5I find that the applicant is entitled to interest on the treatment plans, from May 23, 2024 to the date of approval of the treatment plans, calculated at the prejudgment interest rate described in subsection 128(3) of the Courts of Justice Act.
PROCEDURAL ISSUES
Submissions do not comply with the filing requirements
6The applicant submits in her reply submissions that the respondent’s written submissions contravene the CCRO. The applicant specifies that the submissions were late filed, exceed the ordered page limit and the font size is not compliant. The respondent’s submissions were not filed and served until after 5:00 p.m. on June 6, 2025, and therefore were deemed to be served on June 9, 2025, due to the weekend. In addition, the respondent’s submissions were 11 pages in length and in 11.5-point font.
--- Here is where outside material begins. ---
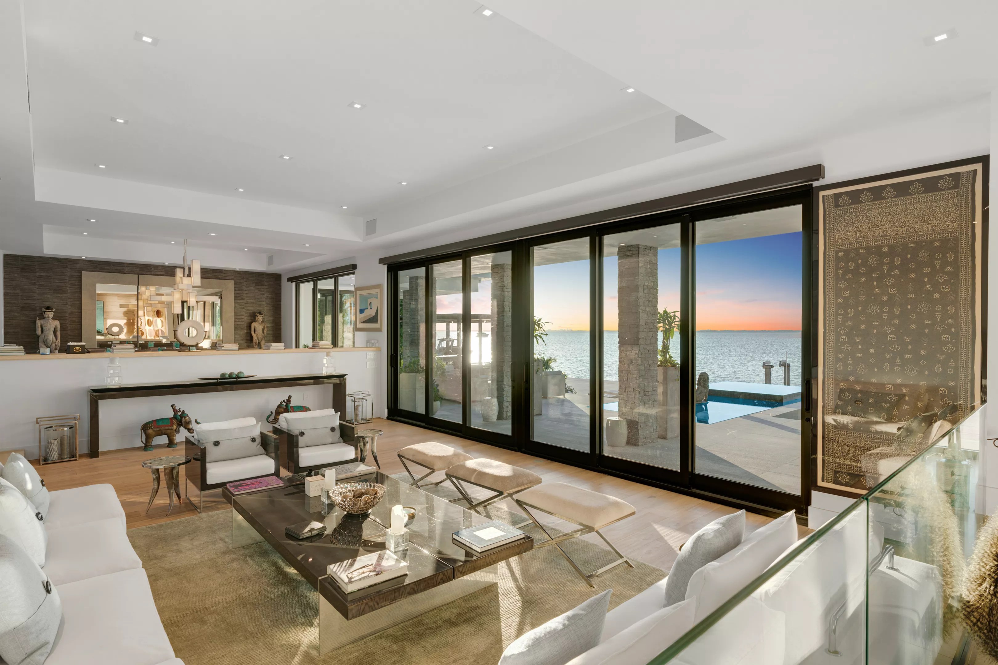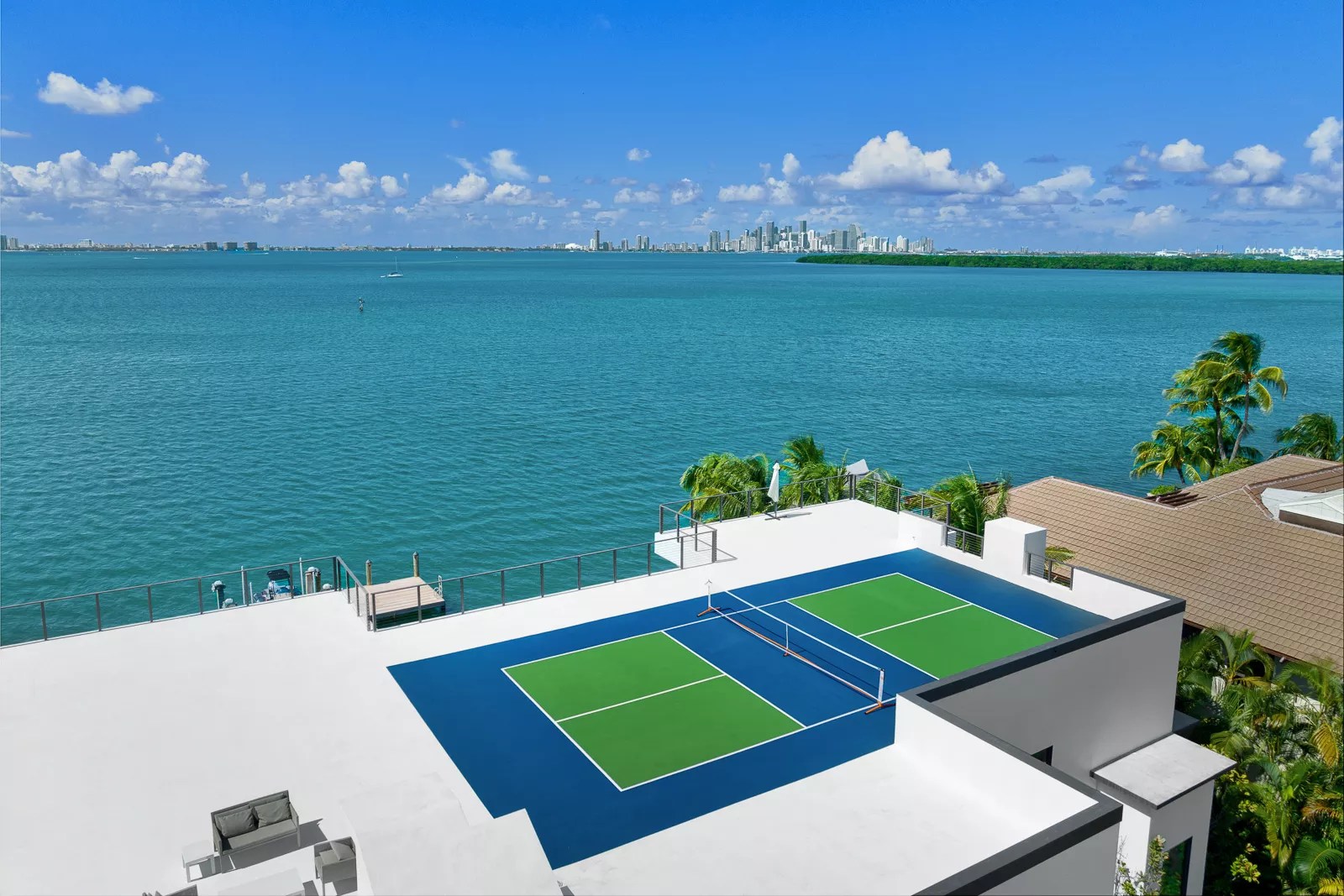 But we haven’t even gotten to the best part of the home: The outdoor area offers a double-level pool, a private dock, and a rooftop pickleball court.

The applicant argues that the Tribunal has the discretion to determine whether to consider submissions that do not comply with the filing requirements.
7The respondent has not provided any response to the applicant’s submissions with respect to its contravention of the CCRO and it did not seek to file a sur-reply to respond.
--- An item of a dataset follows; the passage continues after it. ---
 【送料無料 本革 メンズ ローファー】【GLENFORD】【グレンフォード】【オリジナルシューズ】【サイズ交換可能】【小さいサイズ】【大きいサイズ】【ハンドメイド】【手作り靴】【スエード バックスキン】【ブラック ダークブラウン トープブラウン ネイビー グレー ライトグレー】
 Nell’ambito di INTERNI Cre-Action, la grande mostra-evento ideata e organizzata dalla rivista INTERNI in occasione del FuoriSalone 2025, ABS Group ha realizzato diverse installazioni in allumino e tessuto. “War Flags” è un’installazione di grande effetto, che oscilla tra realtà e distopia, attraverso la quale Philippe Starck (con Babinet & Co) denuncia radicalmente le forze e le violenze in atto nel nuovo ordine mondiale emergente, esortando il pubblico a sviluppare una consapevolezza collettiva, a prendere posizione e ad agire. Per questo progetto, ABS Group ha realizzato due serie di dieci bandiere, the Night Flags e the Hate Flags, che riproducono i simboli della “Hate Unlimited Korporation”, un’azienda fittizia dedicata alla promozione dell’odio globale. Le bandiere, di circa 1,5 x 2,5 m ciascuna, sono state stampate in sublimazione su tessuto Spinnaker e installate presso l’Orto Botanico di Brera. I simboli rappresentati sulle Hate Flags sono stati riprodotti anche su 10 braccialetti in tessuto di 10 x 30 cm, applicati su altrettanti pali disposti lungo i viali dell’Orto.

8I agree that the respondent’s submissions do not comply with the Tribunal’s orders. The CCRO ordered that the respondent’s submissions were due 14 calendar days prior to the scheduled hearing date, its submissions were limited to 10 pages and the font to be used is 12-point. The respondent did not file or serve its submissions until after 5:00 p.m. on June 6, 2025, and therefore were deemed served on June 9, 2025, which is three calendar days late. Further, its submissions were substantively 11 pages in length and the font used was not 12-point.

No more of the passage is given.